What are the data monitoring problems of done files? 10/15 Update SLTechnology News&Howtos

What are the data monitoring problems of done files?

2025-10-15 Update From: SLTechnology News&Howtos shulou NAV: SLTechnology News&Howtos > Internet Technology >

Shulou(Shulou.com)06/01 Report--

This article mainly explains "what are the data monitoring problems of done files". The content of the explanation is simple and clear, and it is easy to learn and understand. Please follow the editor's train of thought to study and learn "what are the data monitoring problems of done files"?

1 problem

In addition to Dataworks like Alibaba, it is difficult for other companies to take data scheduling, data monitoring, data consanguinity, metadata management and so on as an integrated platform. Some factories, including our company, often take these construction independently and are responsible for by different teams.
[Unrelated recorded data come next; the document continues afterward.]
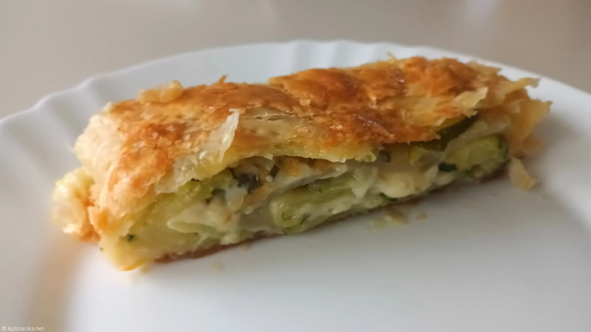 Na listnato testo potresemo drobtine in enakomerno naložimo bučke do 3/4 testa. Nato potresemo še nariban sir in drobnjak.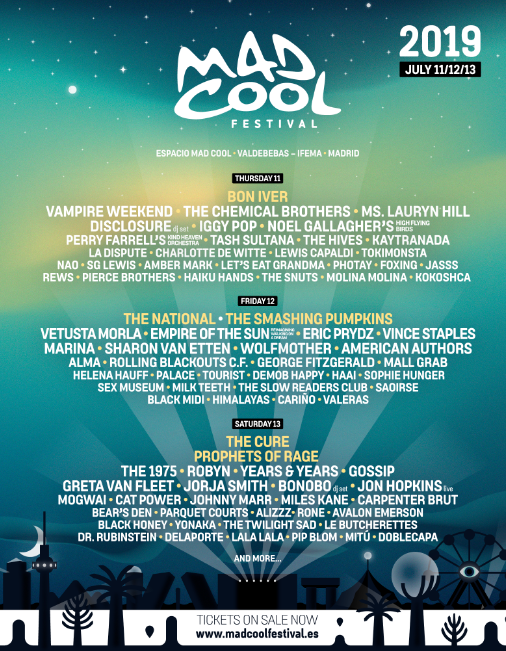 Ahora, a falta de los ganadores del Mad Cool Talent by Vibra Mahou y alguna sorpresa más, Mad Cool Festival completa su cartel de 2019, del que por cancelación unilateral de toda su gira europea desaparece H.E.R y por cuestiones logísticas ajenas a nuestro control, se cae también Teenage Fan Club. Ms. Lauryn Hill y American Authors ocupan su lugar.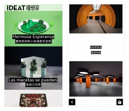 IDEAT理想家App,繼承了法國(guó)IDEAT雜志的理念,以展示設(shè)計(jì)、藝術(shù)和風(fēng)尚的「當(dāng)代生活」內(nèi)容為主。App界面上除了內(nèi)容圖片之外,幾乎沒有黑白以外的其他色彩元素。通過(guò)襯以黑底的高亮白字,既是內(nèi)容又是裝飾,貫穿在整個(gè)App設(shè)計(jì)元素當(dāng)中;調(diào)節(jié)這些文字與其他內(nèi)容之間的間距,又在排版上起到作為點(diǎn),作為線,甚至作為面的不同功用。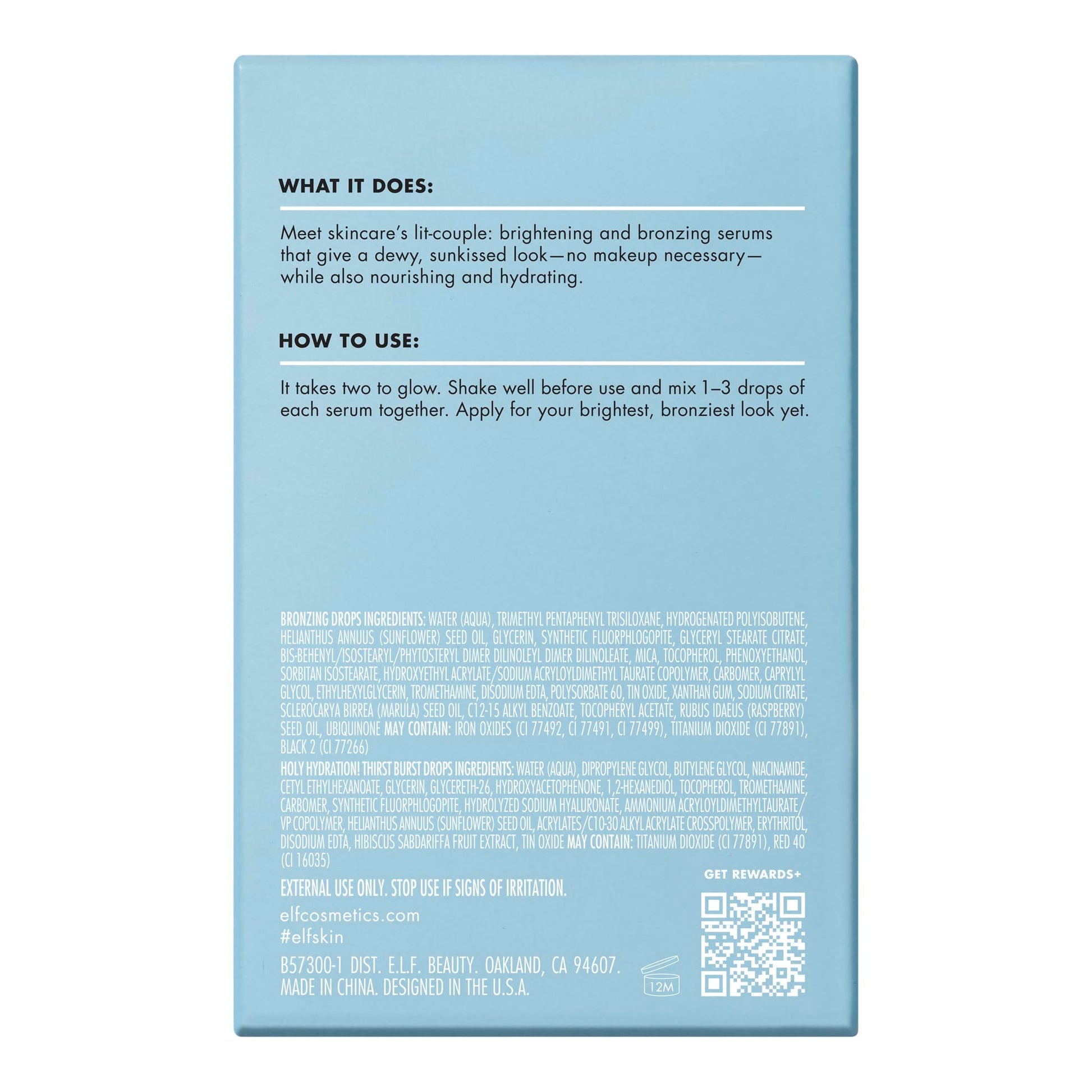 What it is: It takes two to glow! Meet skincare’s most lit couple, available in one kit: e.l.f. SKIN’s Holy Hydration! Thirst Burst Drops and Bronzing Drops.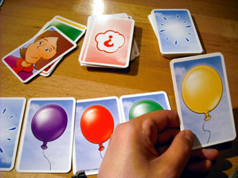 同じ色の風船カードが自分の前にあったら、裏に返して「風船がなくなった絵」にします。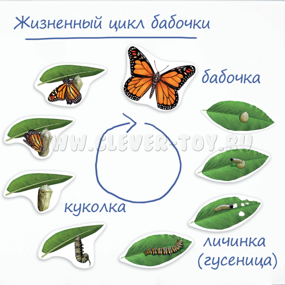 • В состав набора входят магниты  9 этапов жизненного цикла бабочки.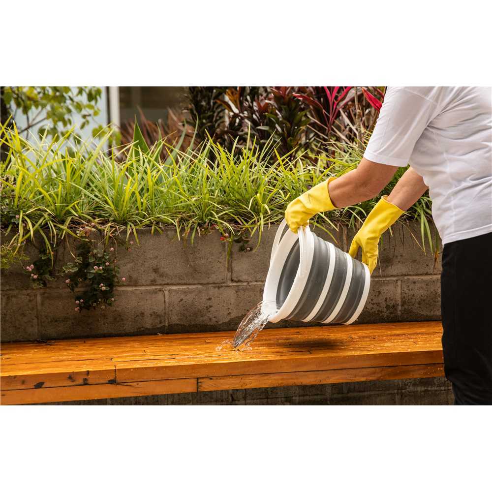 Indicado para uso doméstico. Para expandir, pressione o fundo até obter o formato completo. Possui design moderno e compacto, proporcionando melhor aproveitamento de espaço para guardá-lo após o uso. Conteúdo da Embalagem: 1 Balde dobrável. Detalhes técnicos: Temperatura máxima do líquido: 60°C Dimensões: Aberto: 31,5 cm x 25,5 cm | Fechado: 31,5 cm x 5 cm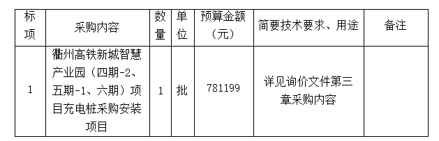 參照《衢州市國(guó)有企業(yè)采購(gòu)管理辦法(試行)》等規(guī)定,衢州市智信工程咨詢(xún)有限公司受衢州市智慧置業(yè)有限公司的委托,就衢州高鐵新城智慧產(chǎn)業(yè)園(四期-2、五期-1、六期)項(xiàng)目充電樁采購(gòu)安裝項(xiàng)目進(jìn)行詢(xún)價(jià),本項(xiàng)目為非依法必招項(xiàng)目,現(xiàn)請(qǐng)合格供應(yīng)商參加投標(biāo)。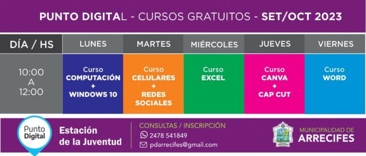 La Municipalidad de Arrecifes informa que se encuentran abiertas las inscripciones para los nuevos cursos gratuitos que se dictarán a partir del lunes 4 de septiembre en el Punto Digital (Estación de la Juventud).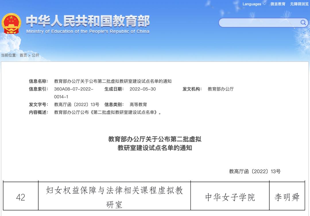 日前,教育部办公厅公布第二批虚拟教研室建设试点名单,我校李明舜教授作为带头人申报的“妇女权益保障与法律相关课程虚拟教研室”成功获批,这是我校服务妇女工作大局、开展一流专业建设取得的又一重大成果。

Among them, the data platform scheduling function is the basic platform of most companies, but the degree of scheduling function is different. The following questions are used as a brick to attract jade, pointing out the problems often encountered in the production environment. If there is follow-up output, try to open source some code and post it to the back of this blog.

There are two kinds of monitoring from a large level, one is used to intercept, that is, dependent, and the other is only used for alarm and analysis.

Due to the large number of dependent access sources, the following problems often occur:

1.1 data delay output, data output empty partition, data quality may be problematic (number of entries, incorrect timestamp)

General processing process: it takes time 30m + processing-delay problem → to easily create the dependency graph, confirm which upstream output table has no output-> copy the table name-> find the person in charge in the data map-> usually pull the group to follow up-- > wait for processing-- > synchronous or non-synchronous / follower → synchronous output is ready.

1.2 the user unconsciously uses the wrong data and takes 60m + to deal with the empty partition problem.

Processing process: need to carry on the quality control to the distribution of the final output label. There is no-> if found later-> copy the table name-> go to the person in charge in the data map-> usually pull the group to follow up-- > wait for processing-- > synchronize or out of sync / follower → backtracking data-> notify the user of the data problem.

1.3 the user is aware of using the wrong data first

Time spent 60m + data quality problem (number of entries, timestamp) → is generally realized only when the tag user discovers-> problem recurrence-> copy table name-> go to the data map to find the person in charge-> usually pull the group to follow up-> wait until the → synchronization or non-synchronization / follower → synchronization is finished.

1.4 data delay output problem

There are some routine data that must be produced at the xx point every day. If they are not generated well, they have to go to the person in charge of the upstream one by one to find the problem. Similar to the problems in 1.1.3, they all have to find the upstream manually.

2 ideas for solution

Based on the above problems, we find that these problems are imperfect monitoring, what should the perfect monitoring be like?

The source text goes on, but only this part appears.